In a bacterial colony, over many generations, a small proportion of bacteria may develop antibiotic resistance via gene mutation

  • When treated with antibiotics, the resistant bacteria will survive and reproduce by binary fission (asexual reproduction)
  • The antibiotic resistant bacteria will flourish in the absence of competition from other strains of bacteria (killed by antibiotic)
  • Antibiotic resistant bacteria may also confer resistance to susceptible strains by transferring plasmids via bacterial conjugation
  • The introduction of antibiotic (selection pressure) has caused the antibiotic resistance gene to become more frequent (evolution)


An example of antibiotic resistance in bacteria can be seen in the evolution of Staphylococcus aureus (Golden staph)

  • Golden staph can cause infections to the skin (lesions and boils) as well as more serious infections (pneumonia, meningitis)
  • Historically, these infections were treated using the antibiotic methicillin 
  • Bacterial strains developed that were resistant to this antibiotic (methicillin-resistant Staphylococcus aureus – or MRSA)
  • These strains proliferated while susceptible strains died out (methicillin-sensitive Staphylococcus aureus – or MSSA)
  • MRSA infections are now especially present in hospitals and nursing homes, where the use of methicillin was most common
  • Medical practitioners now prescribe alternate antibiotic agents to treat infections caused by Staphylococcus aureus

    Is antibiotic resistance caused by natural selection?

    Antibiotic resistance appearance and spread have been classically considered the result of a process of natural selection, directed by the use of antibiotics.

    What caused the evolution of antibiotic resistant bacteria?

    The development of generations of antibiotic-resistant microbes and their distribution in microbial populations throughout the biosphere are the results of many years of unremitting selection pressure from human applications of antibiotics, via underuse, overuse, and misuse.

    How are bacteria becoming resistant to antibiotics?

    There are two main ways that bacterial cells can acquire antibiotic resistance.
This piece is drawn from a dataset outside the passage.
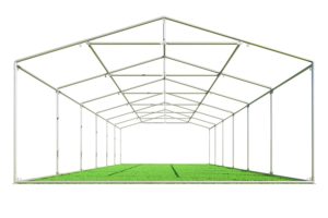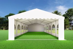 Met een breedte van 5 meter en lengte van 12 heb je totaal 60m2 oppervlakte ter beschikking. De opslagtent 5×12 PVC Premium is uitermate geschikt om wat langere tijd achtereen opgezet te blijven staan. bijvoorbeeld als deze een weekend, week of meerdere weken moet blijven staan. De opslagtent 5×12 PVC Premium heeft een erg degelijk frame inclusief nokversteviging en grondframe. Met dikke stevige PVC zeilen van 550 gram per m2 beschik je over een superieure partytent. Met de gebruiksaanwijzing erbij is het opzetten met 3 personen binnen 1,5 – 2 uur te realiseren.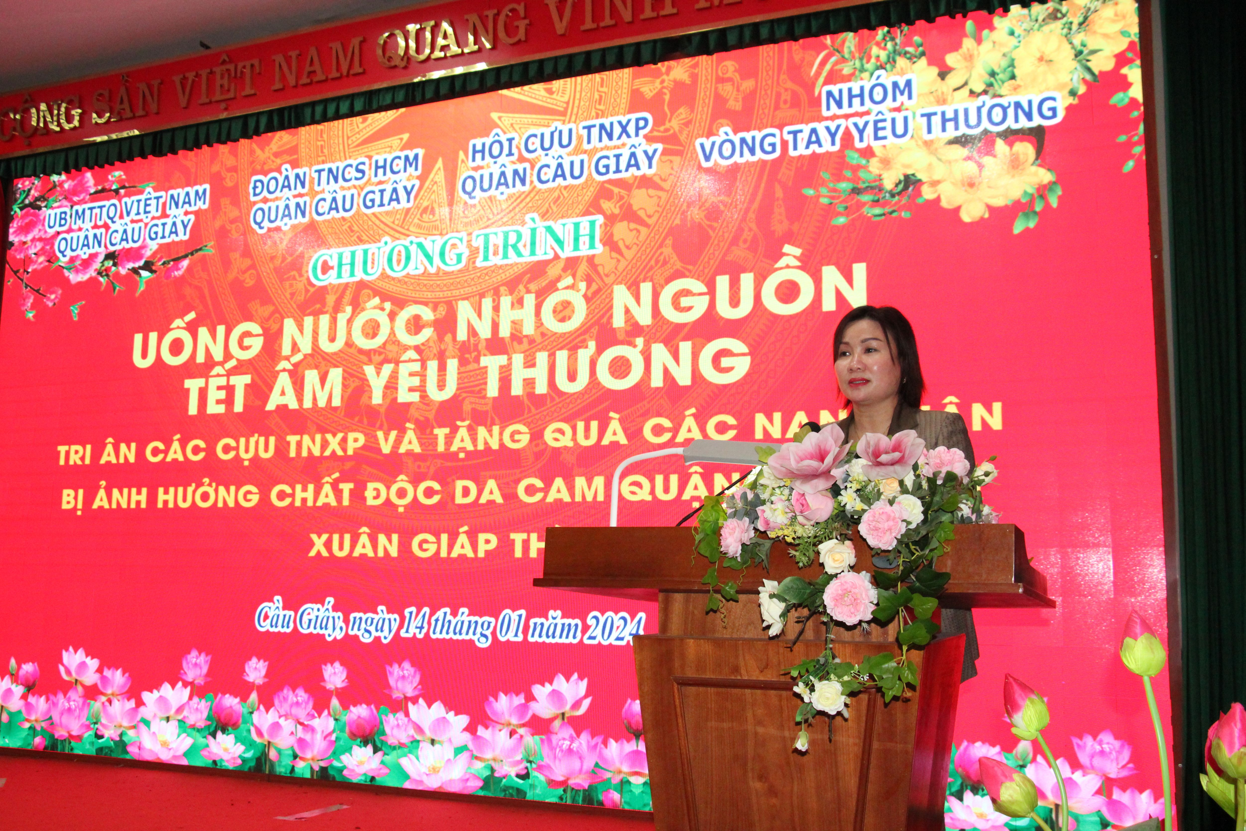 Thay mặt cán bộ, hội viên Hội cựu TNXP quận Cầu Giấy và những nạn nhân bị ảnh hưởng chất độc màu da cam Chủ tịch quận Hội Lê Thị Hồi đã cám ơn các quý vị lãnh đạo không quản trời mưa rét đã đến dự Chương trình: Uống nước nhớ nguồn-Tết ấm yêu thương, “Tri ân các Cựu TNXP và tặng quà các nạn nhân bị ảnh hưởng bởi chất độc màu da cam quận Cầu Giấy, Xuân Giáp Thìn 2024”. Cám ơn UB MTTQ VN Q. Cầu Giấy và Nhóm “Vòng tay Yêu thương” đã quan tâm tặng quà, Cám ơn Đoàn Thanh niên Cộng sản HCM đã phối hợp tổ chức.

One is through mutations that occur in the DNA of the cell during replication. The other way that bacteria acquire resistance is through horizontal gene transfer.

    How does natural selection produce bacteria?

    Mutations in the DNA of bacteria can produce new characteristics. A random mutation might cause some bacteria to become resistant to certain antibiotics , such as penicillin. Antibiotics usually kill bacteria, but in this case the mutation means the bacteria cannot be destroyed by the antibiotic.